Prompt
In the data below, find the line containing "云南多條高速因雪封閉 交警全力應對雨雪天氣(央廣網記者 李健飛攝)" and the line containing "6年生の教室では、5月20日", then reproduce them and every line between, exactly. Omit pictures.

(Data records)
------------------------------------------------

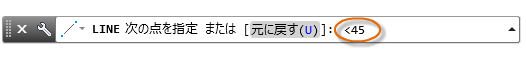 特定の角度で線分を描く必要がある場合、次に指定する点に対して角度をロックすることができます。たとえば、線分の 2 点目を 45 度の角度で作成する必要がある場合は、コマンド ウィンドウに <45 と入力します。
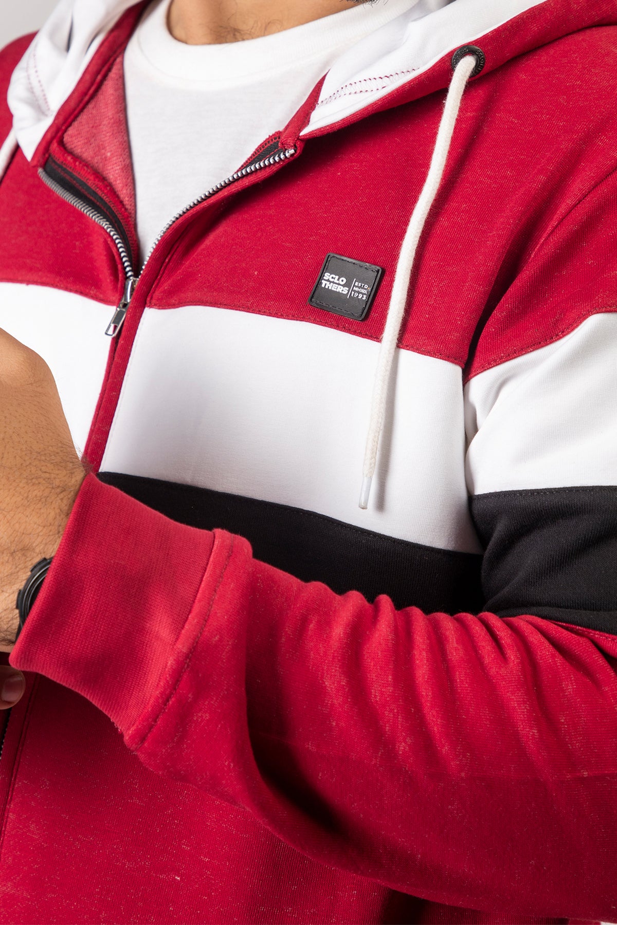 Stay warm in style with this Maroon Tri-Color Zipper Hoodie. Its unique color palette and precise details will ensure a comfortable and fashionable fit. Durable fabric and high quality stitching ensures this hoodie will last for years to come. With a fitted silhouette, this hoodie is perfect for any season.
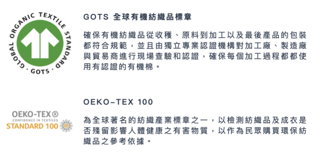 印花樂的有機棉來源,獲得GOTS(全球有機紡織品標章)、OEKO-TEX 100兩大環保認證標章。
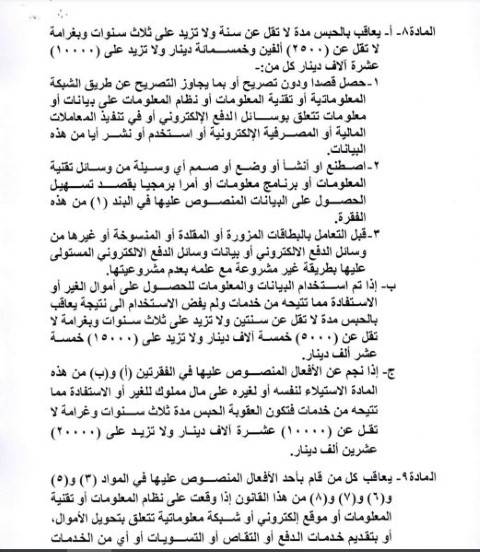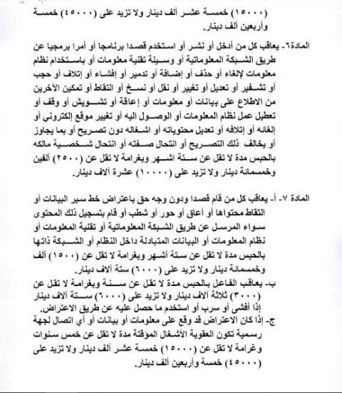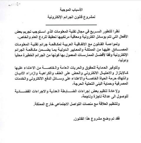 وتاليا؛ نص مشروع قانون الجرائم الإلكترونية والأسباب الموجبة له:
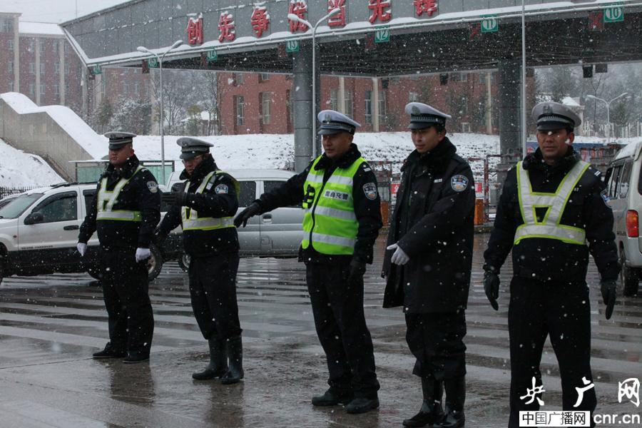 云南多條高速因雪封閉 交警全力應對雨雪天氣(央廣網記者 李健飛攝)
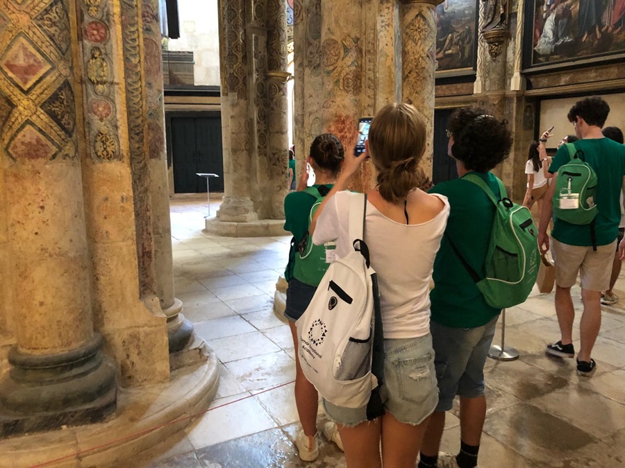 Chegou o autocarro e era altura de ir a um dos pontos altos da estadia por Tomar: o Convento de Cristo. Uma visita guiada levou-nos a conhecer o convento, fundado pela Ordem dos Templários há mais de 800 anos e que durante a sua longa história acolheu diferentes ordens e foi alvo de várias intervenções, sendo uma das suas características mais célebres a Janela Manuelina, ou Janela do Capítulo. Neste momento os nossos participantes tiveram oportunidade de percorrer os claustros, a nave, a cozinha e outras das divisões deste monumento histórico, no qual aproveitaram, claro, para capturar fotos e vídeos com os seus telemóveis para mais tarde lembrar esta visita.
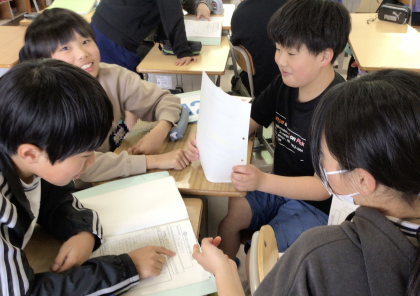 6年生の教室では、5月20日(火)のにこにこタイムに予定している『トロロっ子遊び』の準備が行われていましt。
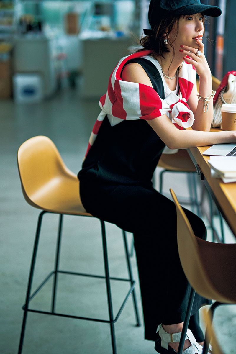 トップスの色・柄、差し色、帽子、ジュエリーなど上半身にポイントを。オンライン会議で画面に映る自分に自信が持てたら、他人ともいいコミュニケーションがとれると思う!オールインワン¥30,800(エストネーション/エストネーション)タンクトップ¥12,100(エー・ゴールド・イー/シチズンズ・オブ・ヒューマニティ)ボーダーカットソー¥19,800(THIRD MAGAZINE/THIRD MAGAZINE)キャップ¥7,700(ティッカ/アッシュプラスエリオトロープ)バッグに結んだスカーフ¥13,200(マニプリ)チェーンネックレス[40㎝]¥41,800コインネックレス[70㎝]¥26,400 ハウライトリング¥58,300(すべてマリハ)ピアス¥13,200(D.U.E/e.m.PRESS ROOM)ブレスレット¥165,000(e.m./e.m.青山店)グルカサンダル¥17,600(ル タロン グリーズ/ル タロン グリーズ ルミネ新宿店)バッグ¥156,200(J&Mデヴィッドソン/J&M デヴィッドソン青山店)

------------------------------------------------

Answer to this problem
 云南多條高速因雪封閉 交警全力應對雨雪天氣(央廣網記者 李健飛攝)
 Chegou o autocarro e era altura de ir a um dos pontos altos da estadia por Tomar: o Convento de Cristo. Uma visita guiada levou-nos a conhecer o convento, fundado pela Ordem dos Templários há mais de 800 anos e que durante a sua longa história acolheu diferentes ordens e foi alvo de várias intervenções, sendo uma das suas características mais célebres a Janela Manuelina, ou Janela do Capítulo. Neste momento os nossos participantes tiveram oportunidade de percorrer os claustros, a nave, a cozinha e outras das divisões deste monumento histórico, no qual aproveitaram, claro, para capturar fotos e vídeos com os seus telemóveis para mais tarde lembrar esta visita.
 6年生の教室では、5月20日(火)のにこにこタイムに予定している『トロロっ子遊び』の準備が行われていましt。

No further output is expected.